SoCS 2014: The Seventh Annual Symposium on Combinatorial Search

Invited Speakers

We are pleased to have the following invited speakers at SoCS 2014:

Talk Title: Past, present, parallel: heuristic search in a changing computer world

Abstract:

Since its invention in 1968 by Hart, Nilsson and Raphael, many variants of the A* heuristic search algorithm have been devised. They are today found in many applications of practical relevance. Unfortunately, there exists a large class of very complex problems that can neither be solved with heuristic best-first search (because of limited memory space) nor with iterative depth-first search (due to limited computing time). How can we push the limitations a little bit further so that some of the previously intractable problems can be solved?

The answer to this question lies – in our view – in the efficient utilization of parallelism. Three things need to be done: (1) The space complexity must be reduced so that the solution space fits into the available distributed memories, (2) the scalability must be improved so that more processors can be employed to solve the problem in parallel, and (3) the efficacy of the heuristic must be improved so that a solution is found earlier. But above all, care must be taken to utilize all available parallel computational resources in a balanced way: CPUs, memories, and the network. With the example of the sliding tile puzzle, we will show how previously intractable problem instances can be solved on large systems with thousands of CPUs and we will try to glimpse into the future of heuristic search on exascale computers with millions of processors.
[presentation]

About the Speaker:

Alexander Reinefeld is Head of Computer Science Department Zuse Institute Berlin in Berlin-Dahlem. He is also Professor for Parallel and Distributed Systems Humboldt-Universitaet zu Berlin. Alexander Reinefelds' MSc and PhD degrees both come for the University of Hamburg. He has been the Director of the Paderborn Center for Parallel Computing.

His current research interests include the following topics: massively-parallel heuristic search with MapReduce, scalable, transactional key/value stores, data management and file systems for cloud computing, erasure codes for distributed data storage, energy efficient computing on manycore, GPGPU and FPGA.

Sven Koenig

Talk Title: Research Directions for Path Planning with A*

Abstract:

In a couple of years, A* will celebrate its 50th birthday, yet research on it is still going strong. In this talk, I'll give an overview of various facets of research on path planning with A*. In particular, I will talk about approaches that my research group has contributed to, including versions of A* for agent-centered search (such as real-time search), incremental search, any-angle search and hierarchical search, focusing on recent developments and their connections to robotics and video games. For example, A* search with subgoal graphs speeds up path planning by utilizing a small amount information compiled from map information in a preprocessing phase.
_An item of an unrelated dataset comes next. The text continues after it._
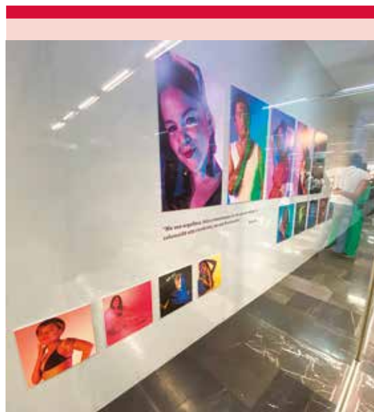
Figura 2. Vitrina de la exposición. Figure 2. Exhibition showcase.

It finds shortest paths by first finding high-level paths through subgoals and then shortest low-level paths between consecutive subgoals on the high-level path. The main insight here is that a large number of subgoals are only needed to connect certain start and goal locations to the other subgoals and can thus be ignored during path planning, resulting in a sparse graph without having to give up optimality.
[presentation]

About the Speaker:

Sven Koenig is a professor in computer science at the University of Southern California. He received his Ph.D. degree in computer science from Carnegie Mellon University. He is a fellow of the Association for the Advancement of Artificial Intelligence (AAAI), a distinguished speaker of the Association for Computing Machinery (ACM) and the recipient of an ACM Recognition of Service Award. Sven was also a program director at the National Science Foundation (NSF) from 2010 to 2012.

Most of his research centers around techniques for decision making (planning and learning) that enable single situated agents (such as robots or decision-support systems) and teams of agents to act intelligently in their environments and exhibit goal-directed behavior in real-time, even if they have only incomplete knowledge of their environment, imperfect abilities to manipulate it, limited or noisy perception or insufficient reasoning speed.